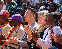 Bischof Albert Chikuni, Präsident der Interreligiösen Vereinigung für Frieden und Entwicklung Simbabwe, der 40 Gemeinden in der gesamten Region betreut, erinnerte daran: „L. Ron Hubbard kam nicht, um sich selbst zu bereichern – sondern um andere zu bereichern ... Wir haben gesehen, was passiert, wenn Menschen gespalten sind – durch Politik, durch Religion, durch Klassen. Aber wir haben auch die Stärke gesehen, die von Einheit kommt – wenn Unterschiede beiseitegelegt werden, um eine gemeinsame Zukunft zu verfolgen. Das ist die Arbeit des Friedens“, sagte er. „Heute ehren wir den Abdruck, den Mr Hubbard hier in Alexandra Park hinterlassen hat. Wenn wir seine Lehren und die Weisheit innerhalb dieser Mauern weitertragen, glaube ich, dass wir einen Himmel auf Erden erschaffen können.“
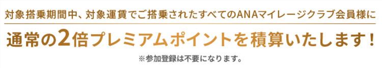 ANA国内線・国際線プレミアムポイント2倍キャンペーン!!
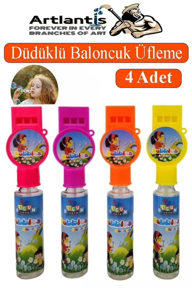 Ürün Adı: Artlantis Düdüklü Baloncuk Üfleme 4 Adet Çocuklar İçin Köpük Baloncuk Köpük Üfleme Oyuncağı Sınıf Karne Hediye Parti

========================

● **Instructions to follow**: Please write out all of the material above without changing a word, and omit any pictures.

● **Response to the task**:
 Bischof Albert Chikuni, Präsident der Interreligiösen Vereinigung für Frieden und Entwicklung Simbabwe, der 40 Gemeinden in der gesamten Region betreut, erinnerte daran: „L. Ron Hubbard kam nicht, um sich selbst zu bereichern – sondern um andere zu bereichern ... Wir haben gesehen, was passiert, wenn Menschen gespalten sind – durch Politik, durch Religion, durch Klassen. Aber wir haben auch die Stärke gesehen, die von Einheit kommt – wenn Unterschiede beiseitegelegt werden, um eine gemeinsame Zukunft zu verfolgen. Das ist die Arbeit des Friedens“, sagte er. „Heute ehren wir den Abdruck, den Mr Hubbard hier in Alexandra Park hinterlassen hat. Wenn wir seine Lehren und die Weisheit innerhalb dieser Mauern weitertragen, glaube ich, dass wir einen Himmel auf Erden erschaffen können.“
 ANA国内線・国際線プレミアムポイント2倍キャンペーン!!
 Ürün Adı: Artlantis Düdüklü Baloncuk Üfleme 4 Adet Çocuklar İçin Köpük Baloncuk Köpük Üfleme Oyuncağı Sınıf Karne Hediye Parti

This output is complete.